DATA PROVIDED:
-- Opening Marker --
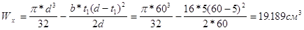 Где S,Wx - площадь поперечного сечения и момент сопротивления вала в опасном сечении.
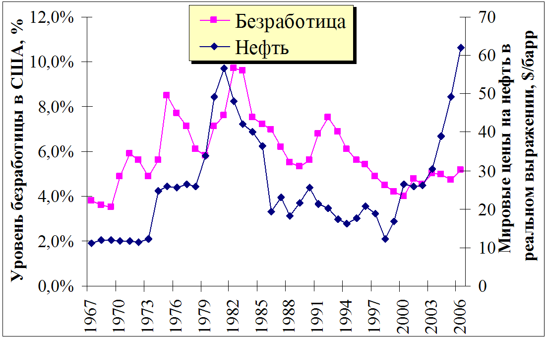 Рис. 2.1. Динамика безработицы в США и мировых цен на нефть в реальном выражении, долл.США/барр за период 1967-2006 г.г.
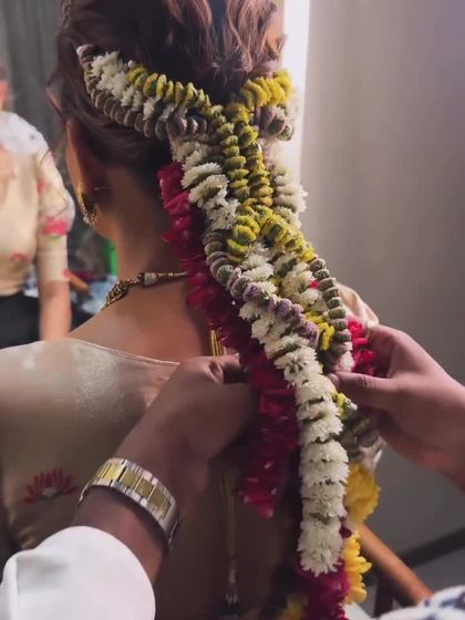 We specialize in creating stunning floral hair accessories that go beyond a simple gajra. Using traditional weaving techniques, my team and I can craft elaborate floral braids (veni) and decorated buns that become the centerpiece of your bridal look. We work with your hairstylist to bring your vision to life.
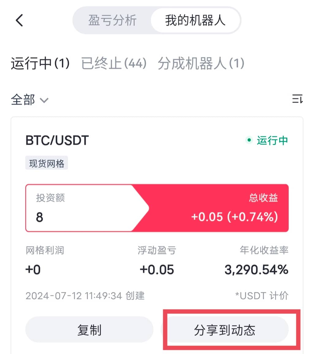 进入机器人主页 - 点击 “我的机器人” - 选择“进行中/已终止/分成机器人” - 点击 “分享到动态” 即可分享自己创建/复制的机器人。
-- Closing Marker --
-- Opening Marker --
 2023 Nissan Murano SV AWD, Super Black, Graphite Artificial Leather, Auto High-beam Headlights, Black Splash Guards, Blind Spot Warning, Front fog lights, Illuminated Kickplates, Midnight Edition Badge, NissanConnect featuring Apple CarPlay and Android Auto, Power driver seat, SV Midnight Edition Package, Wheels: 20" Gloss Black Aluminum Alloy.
-- Closing Marker --
-- Opening Marker --
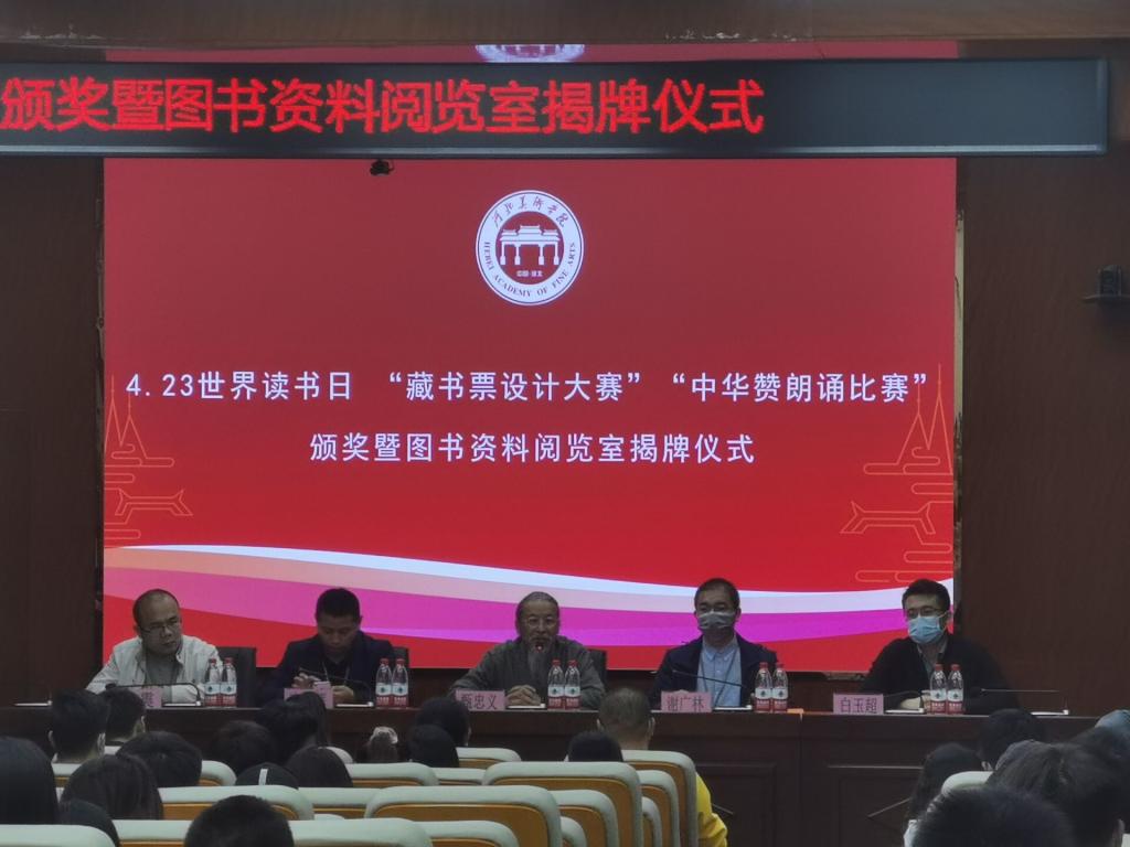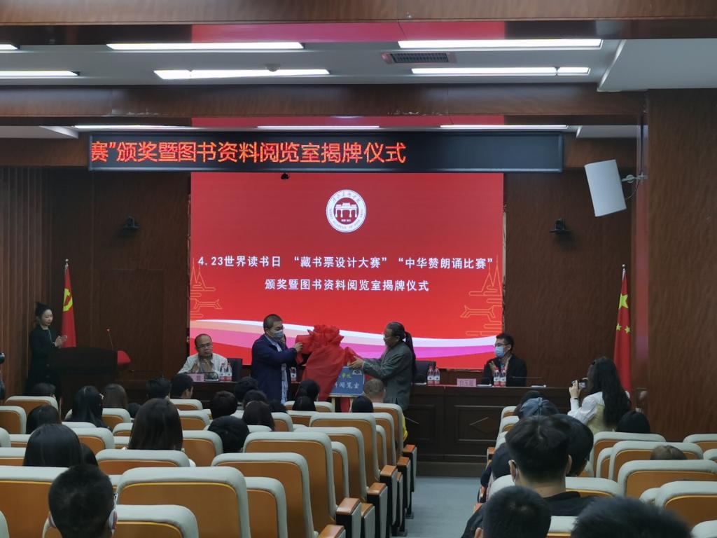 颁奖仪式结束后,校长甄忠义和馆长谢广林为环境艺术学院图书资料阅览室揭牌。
-- Closing Marker --
EXERCISE AIM: Return the stretch of data that begins with the line showing "Где S,Wx - площадь" and goes on through the line showing "Рис. 2.1. Динамика", exactly, with pictures removed.

ANSWER FOR THIS EXERCISE:
 Где S,Wx - площадь поперечного сечения и момент сопротивления вала в опасном сечении.
 Рис. 2.1. Динамика безработицы в США и мировых цен на нефть в реальном выражении, долл.США/барр за период 1967-2006 г.г.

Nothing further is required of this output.